After much introspection during months away from the pool, Winnington made a triumphant return to international competition at last month’s world championships in Budapest, winning gold in his pet event.

And now he has added the Commonwealth crown to his collection.
“It was really tough coming off the back of Toyko, I almost quit,” Winnington said.

“I decided to keep going and put myself and my mindset in the right spot to achieve what I have achieved this year.”

Winnington was on world record pace until fading somewhat in the last 100m. He clocked three minutes 43.06 seconds, some 3.01 off the world benchmark set in 2009 by German Paul Biedermann.

“I really don’t really mind,” Winnington said.

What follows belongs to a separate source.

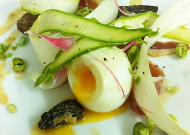 Œuf mollet aux morilles et gargouillou de jeunes légumes

“It’s something to chase. It is pretty hard being the hunted but having that world record there means I’m still the hunter.”

First Aussie gold

Australia’s track cyclists have bulleted to our first three triumphs in London’s Olympic velodrome in a golden start to their Commonwealth Games campaign.

Australia’s men’s sprint team and the women’s pursuit quartet both had record-breaking triumphs on Friday.

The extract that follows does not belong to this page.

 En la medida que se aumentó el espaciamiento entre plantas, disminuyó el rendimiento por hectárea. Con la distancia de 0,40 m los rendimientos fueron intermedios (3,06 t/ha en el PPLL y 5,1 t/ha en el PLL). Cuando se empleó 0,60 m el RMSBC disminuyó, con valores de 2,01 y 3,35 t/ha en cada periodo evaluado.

It came after the remarkable Paralympian Jess Gallagher and her sighted pilot Caitlin Ward kicked off the gold digging at the scene of the 2012 Olympics by earning Australia’s very first gold of the Games in the tandem blind and visually impaired sprint.

Australia’s Jessica Gallagher (right) and pilot Caitlin Ward celebrate gold. Photo: AAP

Still, though, amid the flag-waving, there was a sense of frustration about the end of an era as Australia’s flagship men’s pursuit foursome failed to make the final at the Games for the first time ever.

They had to settle for a bronze, after winning the race for third against Wales, but a four-medal start at least ensured Australia were in pole position to dominate the track programme as they have in the last seven editions.

Gallagher and Ward beat Scotland two heats to nil to take out the tandem B sprint event, and a few minutes later the pursuiters broke the Games record they had set earlier on Friday in qualifying.

Gallagher was already the only Australian to win a medal at the summer and winter Paralympics.

Then Georgia Baker, Sophie Edwards, Chloe Moran and Maeve Plouffe blitzed their final, clocking four minutes 12.234 seconds to easily beat New Zealand by 5.750 seconds.

The New Zealanders had to start four riders, but one of them pulled out early so she could ride later on Friday in the team sprint finals.

That meant the Australians were never going to lose the final, but they went under their 4:14.605 qualifying ride.

The evergreen Matt Glaetzer then picked up his fourth Commonwealth gold, bringing home the men’s sprint title with a hammering of England’s trio after dazzling work from Leigh Hoffman and Matt Richardson.

The trio set a new Commonwealth Games record of 42.042 seconds, after also setting a new mark in the qualifying ride.

But the men’s team pursuit failed to reach the gold medal ride for the first time at a Commonwealth Games.

Australia had won gold or silver since the team pursuit was added to the Games program in 1974 and four years ago the squad broke the world record in Brisbane.

Luke Plapp is the only member of the bronze-medal winning combination from the Tokyo Olympics.

The new-look quartet of Plapp, Josh Duffy, Conor Leahy and James Moriarty qualified third-quickest on Friday morning behind fastest qualifiers New Zealand and England.

Australia posted three minutes 51.274 seconds – 1.453 seconds behind NZ.

There was bittersweet consolation for Australia when they easily beat Wales in the bronze-medal ride.

Graham Frislie replaced Moriarty and while Australia’s time of 3:50.403 bettered their qualifying time, it also would have been good enough to qualify them in the gold medal ride.

New Zealand broke the Games record they set in qualifying, clocking 3:47.575 to beat England for the gold medal.

James Wootton and pilot Luke Zaccaria posted the fastest time in the men’s tandem 1km time trial, but the next three teams put them out of the medals.

Scottish great Neil Fachie won his fifth Games gold medal, combining with pilot Stewart Lewis, with Wales second and England third.